Miggybyte was a free disk-based magazine for the Amiga range of computers, published by Pickled Fish Software and edited by Ben Gaunt. From 1995 to 1997 twelve issues were published all being on a single floppy disk only.

The magazine was inspired by Grapevine, the scene-based disk magazine also for the Amiga range of computers, but Miggybyte was not a scene publication.

The publication focused on news about the Amiga, software, games and entertainment. The entertainment section proved to be a main stay of the publication and consisting of jokes and stories from readers. There was even a small classified section and BBS section where many Sysops from around the UK (thought there were a few from the US too) would publicise their boards.

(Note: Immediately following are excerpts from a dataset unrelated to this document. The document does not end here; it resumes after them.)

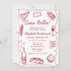 Convites Hand Drawn Retro Red Italian Casual Bridal Brunch
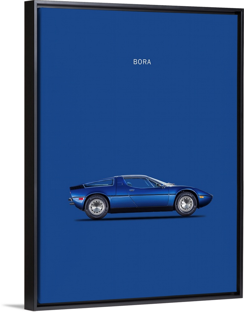 <p>Photograph of a blue Maserati Bora 1973 printed on a blue background</p>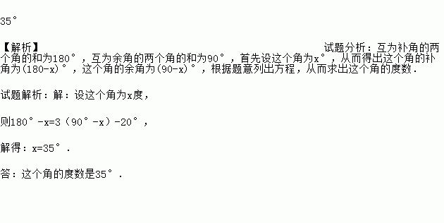 一个角的补角比它的余角的3倍少20,求这个角的度数.

The interface consisted of two sections, the top part containing the text and in latter version graphics, the bottom the control interface (GUI). The engine behind the publication was called MultiMedia Magazine Creator (MMMC) and was developed by Pickled Fish Software / Ben Gaunt during the time of the publication. A side note here is MMMC was originally a simple text reader designed for the game Maze Madness (F1 Licenceware). MMMC was programmed in the Amiga BASIC language AMOS and also used the Power Packer library to compress the publication onto a single disk.

== Distribution ==
Miggybyte was distributed by post, BBS, FidoNet, PD Software Libraries and the Internet, its main distribution being on Aminet and its WHQ BBS Channel X. Two version were released digitally one in LHA (file format) that omitted any copyrighted Amiga, Inc. files and a DMS (Disk Masher System) version that was a full disk image.